Methane and other greenhouses gases aren’t necessarily reduced through this process, he adds, but they are certainly more controlled.
This kind of wastewater treatment creates a number of byproducts. One is a collection of large and small particulate which has been filtered out and needs to be hauled to the landfill on occasion. It comprises only a small part of the total product in the end.
“People flush everything down the toilet,” Williamson says. “Anything that can be flushed [ends up here] and you have to take it out. You don’t want that stuff floating down the river.”
Another product is the sludge that settles out of the liquid as it sits in tanks. This sludge is thickened, bringing it to a solider state, and has usefulness as fertilizer.

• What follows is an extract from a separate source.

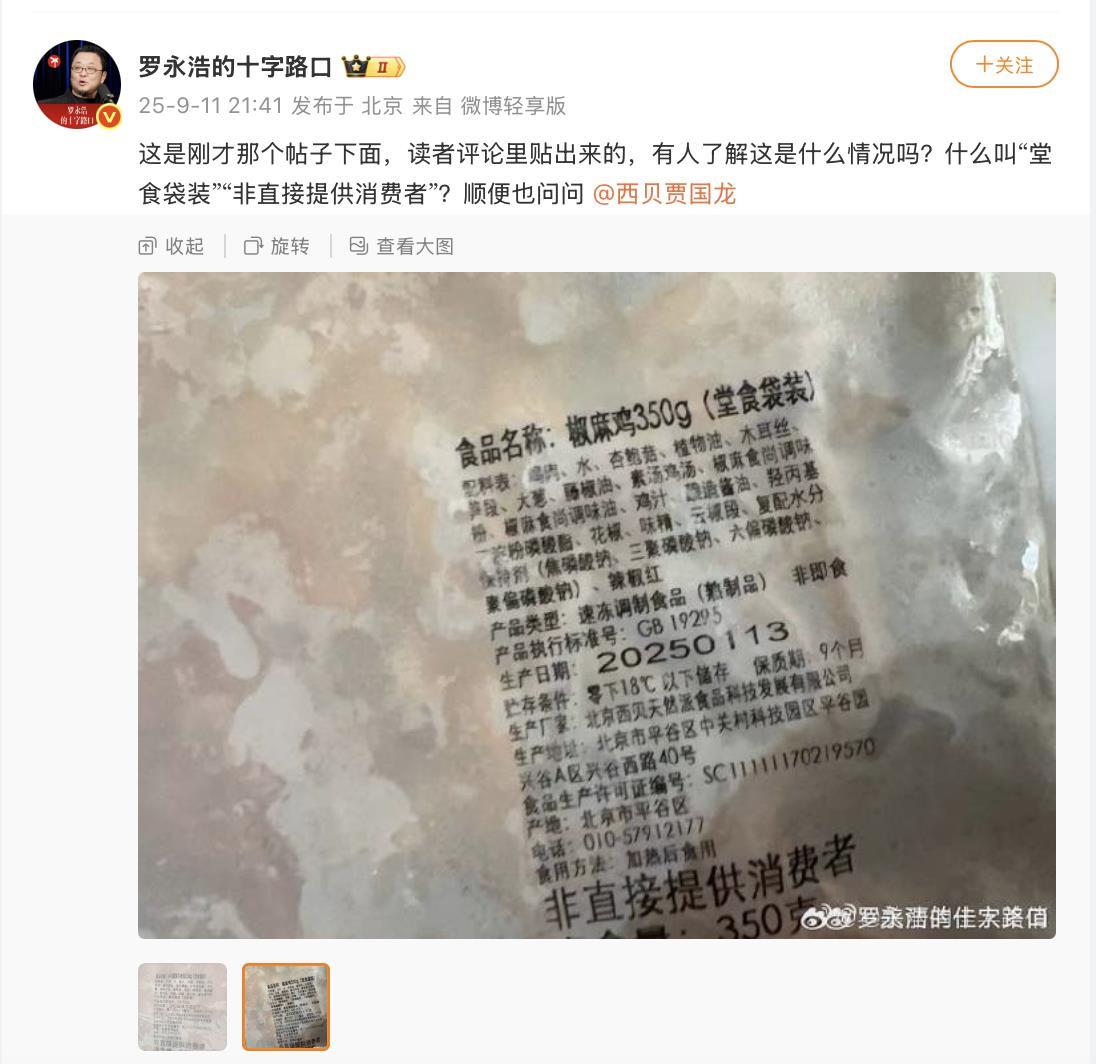 “什么叫‘堂食袋装’‘非直接提供消费者’?顺便也问问@西贝贾国龙。”9月11日晚,网络名人罗永浩再度晒出两袋由西贝旗下企业生产的食品,外包装显示分别为“小牛焖饭牛肉包2.5kg”“椒麻鸡350g”,喊话西贝回应预制菜争议。12日上午,极目新闻记者向西贝方面咨询这两袋食品是否为预制菜,供应给哪些渠道,截至发稿,暂未获回复。

“There’s processes out there that turn it into a prill, like the little fertilizer beads you buy at Home Depot,” says Williamson. “The [RSRWC] may decide to go down that road. It’s an advanced treatment but it can also be turned into class-A biosolids which can then be land applied.”
The final product is the treated liquid that is sent off to the river once it meets provincial standards. Some chemical may be needed on occasion, but according to Williamson it requires a small fraction of what is used in a typical lagoon.
One of the plant design options that the RSRWC will need to choose from uses an additional step which includes membranes which the wastewater must pass through. This system is effective to the point where the liquid byproduct headed for the river is virtually potable.
Next steps for the team at Jacobs include gathering feedback from the RSRWC in order to create the final project design. If all goes as planned, they anticipate it being ready for operation by 2028.
Funding for this project is coming from three levels of government. A total of $39 million in grant monies has been promised by the federal and provincial governments. The municipal collaborative will bear the balance of $71 million.
“It’s a fantastic project for the communities,” Williamson concludes. “This is the first regional treatment plant in Manitoba and I think it’s going to set the stage for others. [It’s great] to see how a collaborative approach with other municipalities makes things come together.”